── DATASET EXTRACT
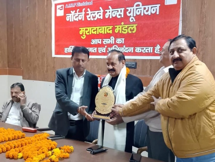 लव इंडिया मुरादाबाद। नॉर्दर्न रेलवे मेंस यूनियन, मुरादाबाद मंडल ने मंडल मंत्री कामरेड राजेश चौबे के नेतृत्व में अधिवक्ता एवं बार एसोसिएशन के नवनिर्वाचित अध्यक्ष आनंद मोहन गुप्ता के सम्मान में भव्य सम्मान सभा का आयोजन किया। समारोह में रेलवे यूनियन के वरिष्ठ नेताओं और पदाधिकारियों ने सम्मान व्यक्त किया।
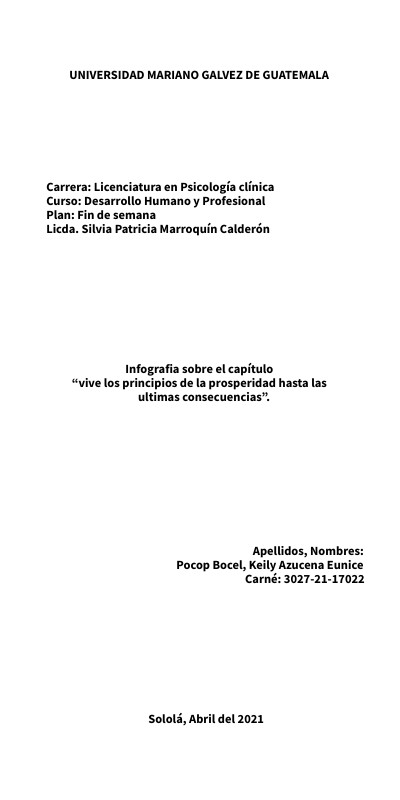 UNIVERSIDAD MARIANO GALVEZ DE GUATEMALA Carrera: Licenciatura en Psicología clínica Curso: Desarrollo Humano y Profesional Plan: Fin de semana Licda. Silvia Patricia Marroquín Calderón Infografia sobre el capítulo “vive los principios de la prosperidad hasta las ultimas consecuencias”. Apellidos, Nombres: Pocop Bocel, Keily Azucena Eunice Carné: 3027-21-17022 Sololá, Abril del 2021
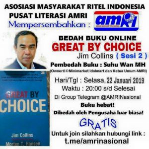 Pusat Literasi AMRI akan mengadakan bedah buku online GREAT BY CHOICE karangan Jim Collins Sessi 2, di group telegram @AMRINasional. Join gratis, silahkan klik http://t.me/amrinasional
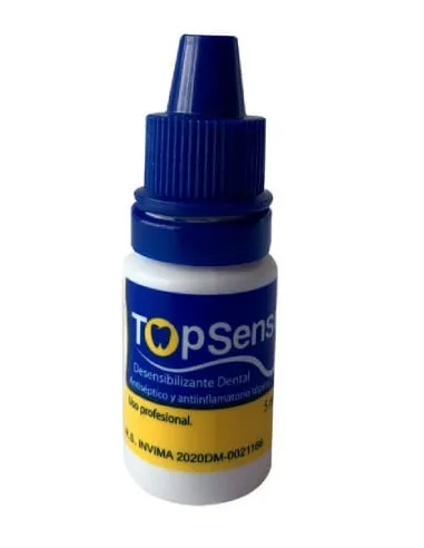 TopSensy es un desensibilizante dental antiséptico, antiinflamatorio de uso tópico; indicado para tratamientos de periodoncia y endodoncia, para el proceso operatorio (durante y después). Esto con el fin de reducir la hipersensibilidad de las zonas tratadas a nivel bucal
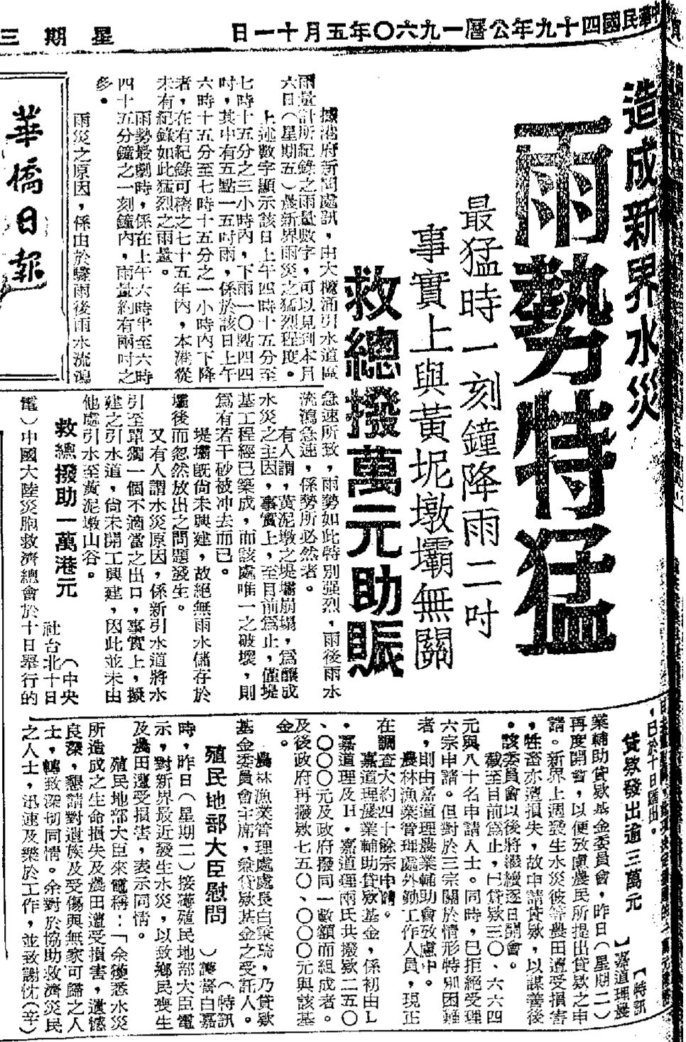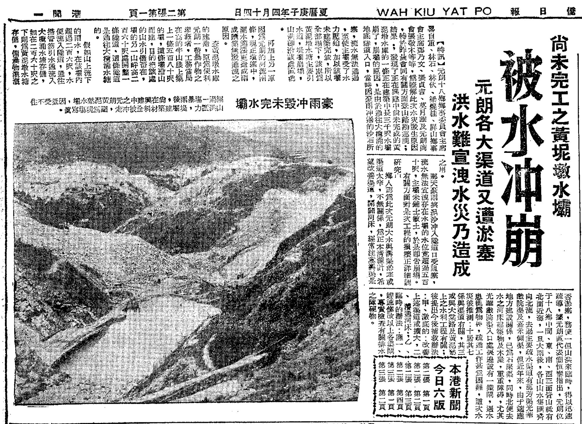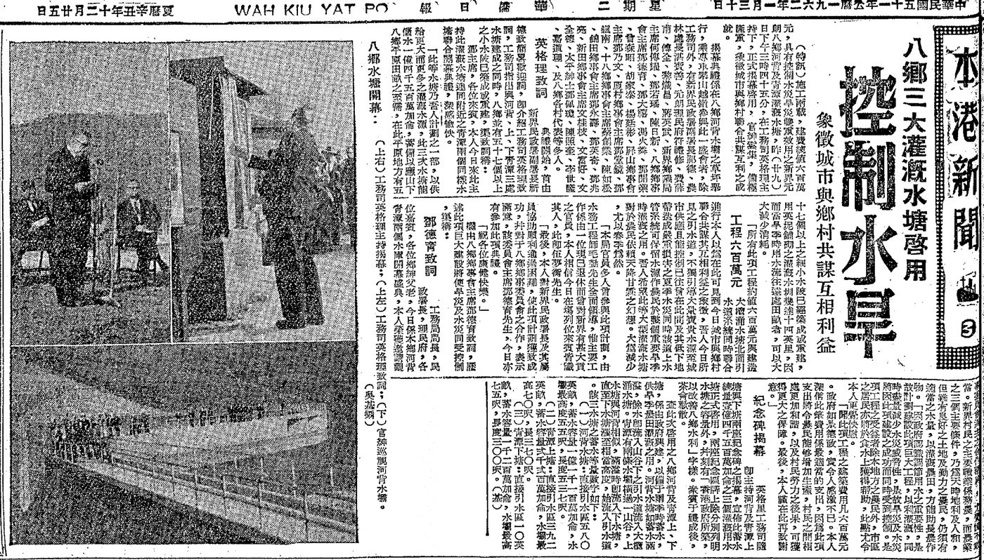 註8:因應農民擔心大欖涌水塘龐大的集水區會影響灌溉用水,當時政府於大欖涌水塘集水區內興建了五組灌溉水塘:藍地、洪水坑、上下清潭、河背及黃泥墩。前四組水塘均有舉行開幕典禮,但筆者卻找不到任何黃泥墩水塘相關的啟用典禮,但找到一篇1960年元朗水災的報導,有人懷疑水災跟建築中的黃泥墩水塘有關。雖然兩天後有報道指出水災跟建築中的黃泥墩水塘無關,猜測(強調:純粹猜測)因為水災而沒有舉行黃泥墩水塘啟用典禮。
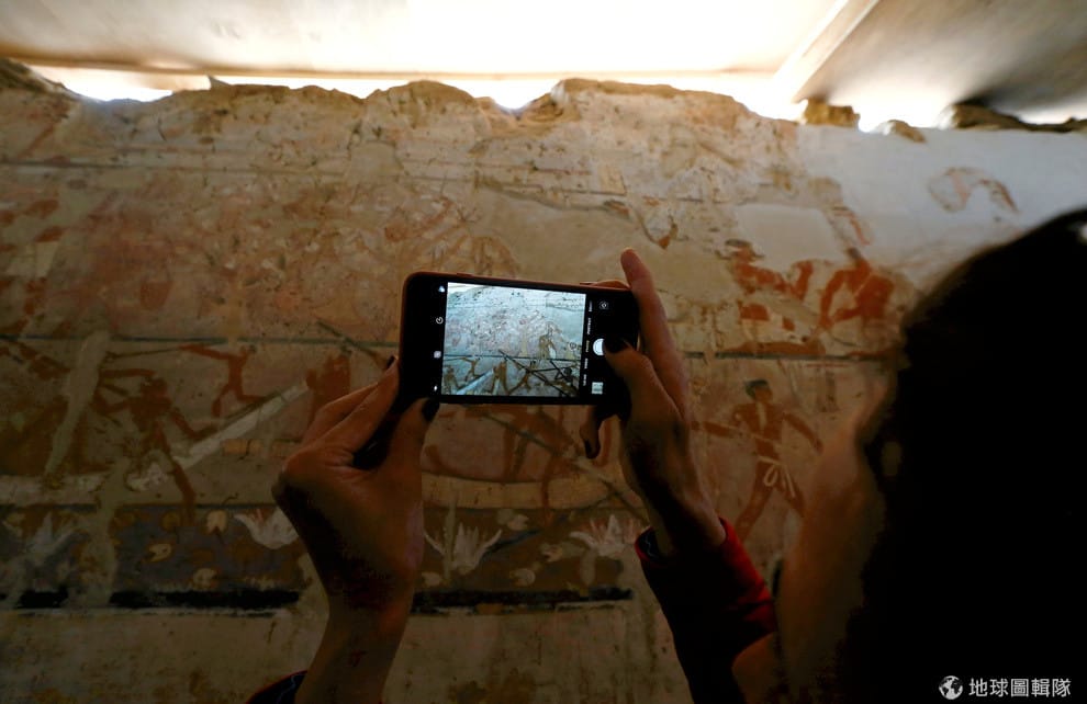 一名記者用手機把眼前的壁畫拍了下來。在吉薩金字塔(Giza)附近,考古學家於近日發現了官位很高的女祭司海特佩特(Hetpet)的墳墓,他們相信這是來自埃及第五王朝。
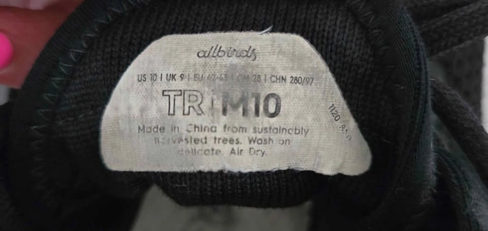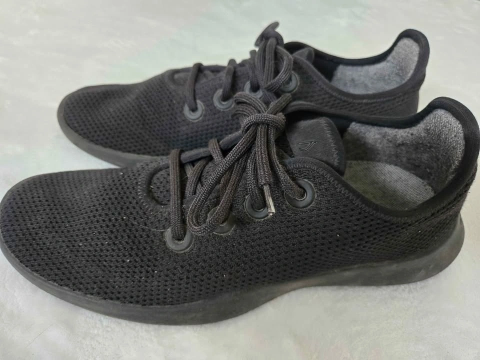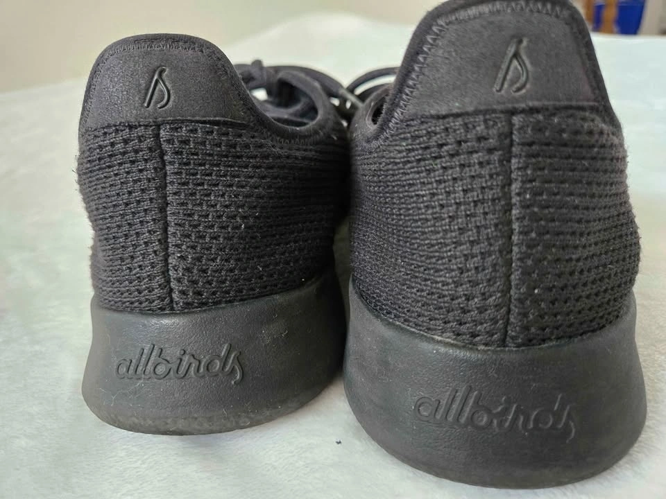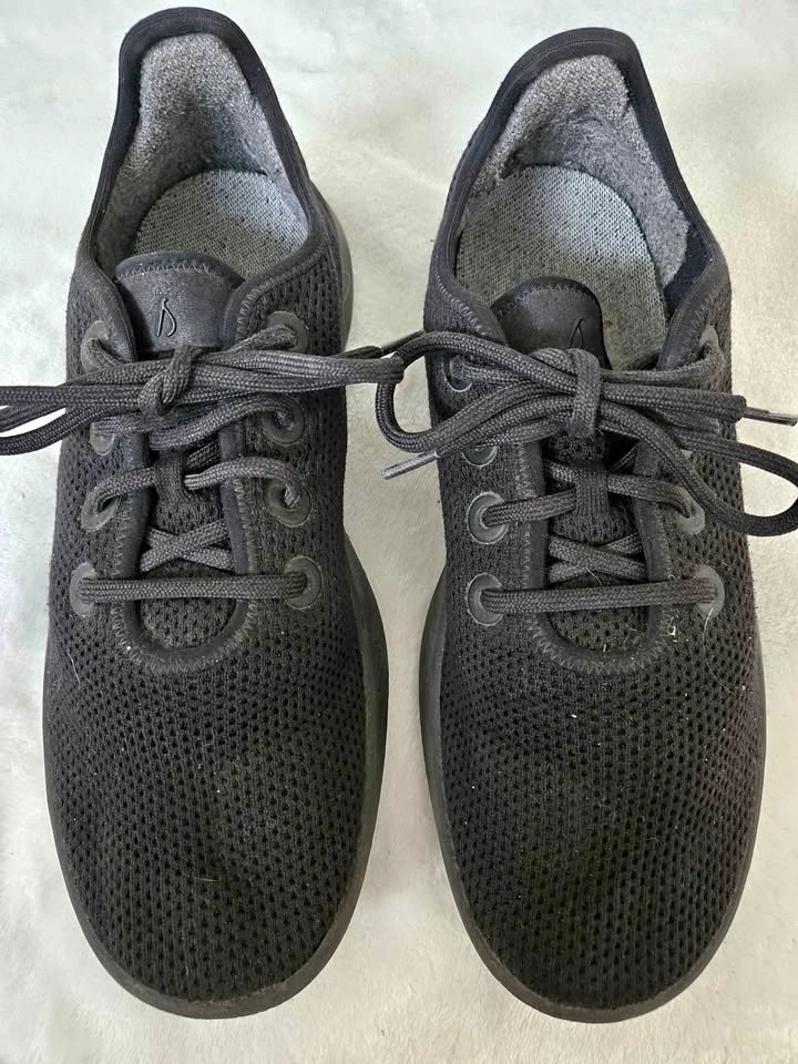 Black mesh Allbirds sneaker, size Men's 10. Made from sustainably harvested trees. Washable.
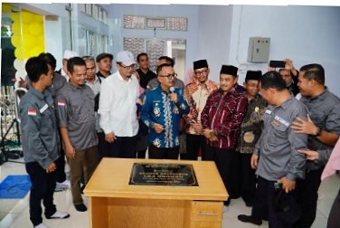Pada kesempatan itu, Firdaus menandatangani prasasti menandai peresmian Gedung baru PWI Kampar tersebut.
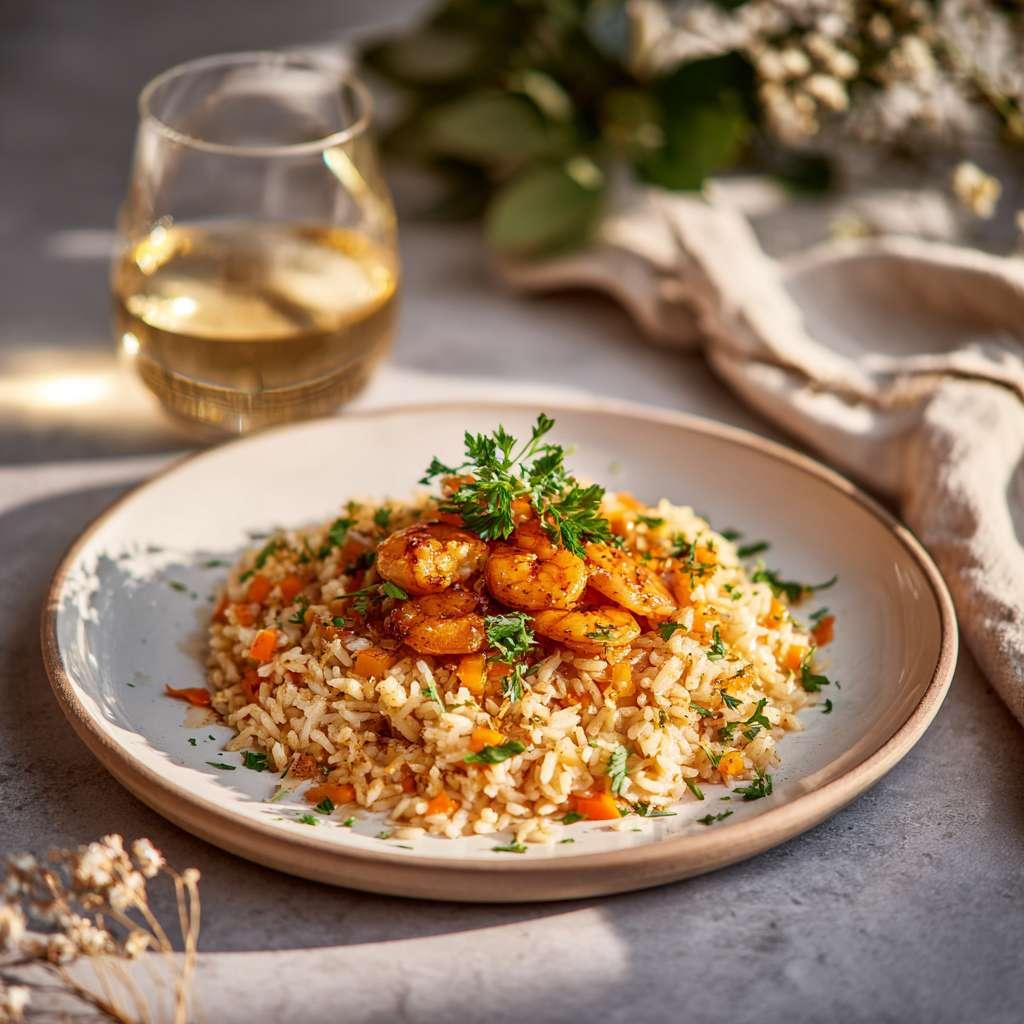 ⑤器に2のエビと4を注ぎ、お好みでハーブなどを散らす。
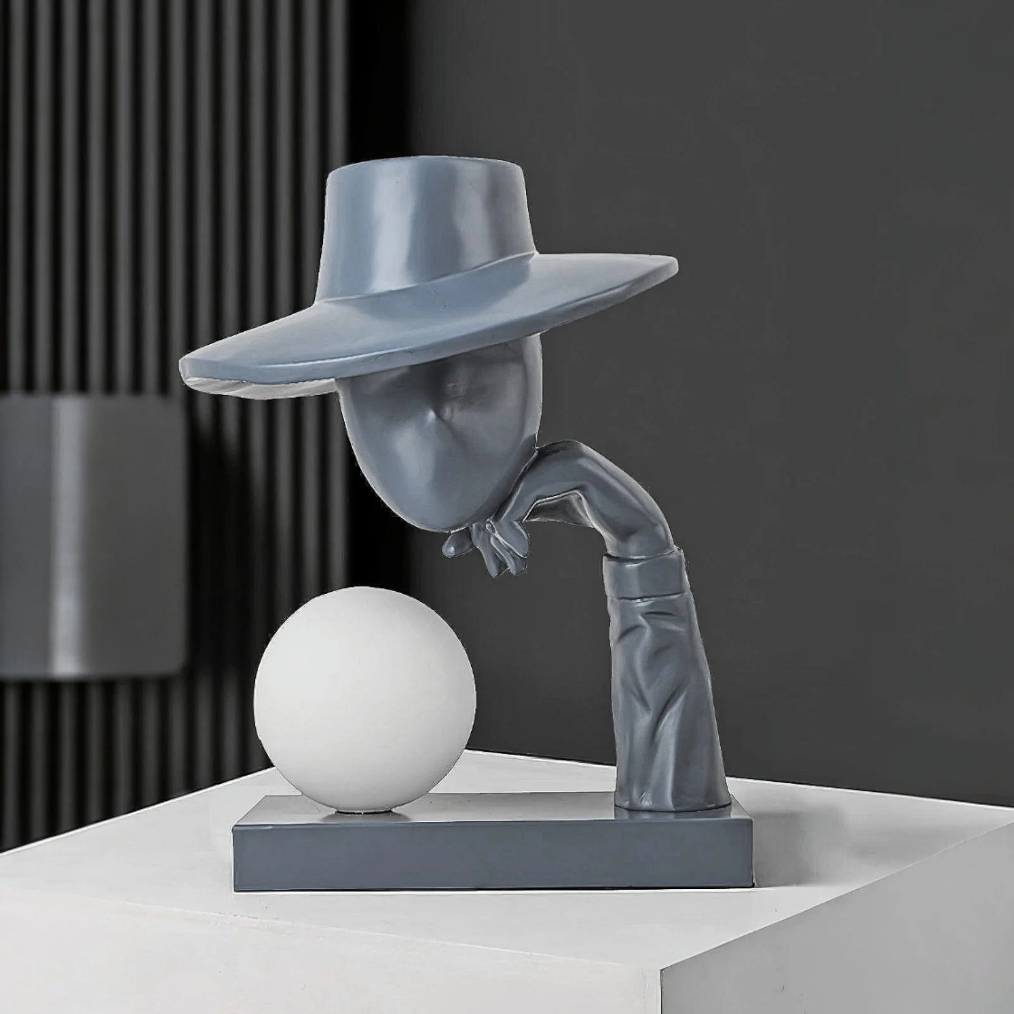 - Unique Design: Black resin sculpture with an abstract human figure wearing a hat, adding a modern art aesthetic to any room.
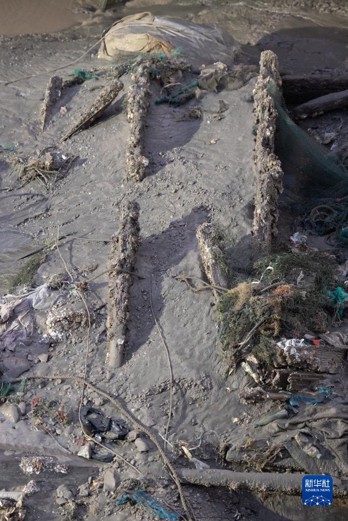 11月21日清晨拍攝的露出水面的古船船體局部。
────
* TASK GOAL
The lines needed are those from the one containing "⑤器に2のエビと4を注ぎ、お好みでハーブなどを散らす。" through the end of the listing, given again word for word and without any picture.

* EXERCISE RESPONSE
 ⑤器に2のエビと4を注ぎ、お好みでハーブなどを散らす。
 - Unique Design: Black resin sculpture with an abstract human figure wearing a hat, adding a modern art aesthetic to any room.
 11月21日清晨拍攝的露出水面的古船船體局部。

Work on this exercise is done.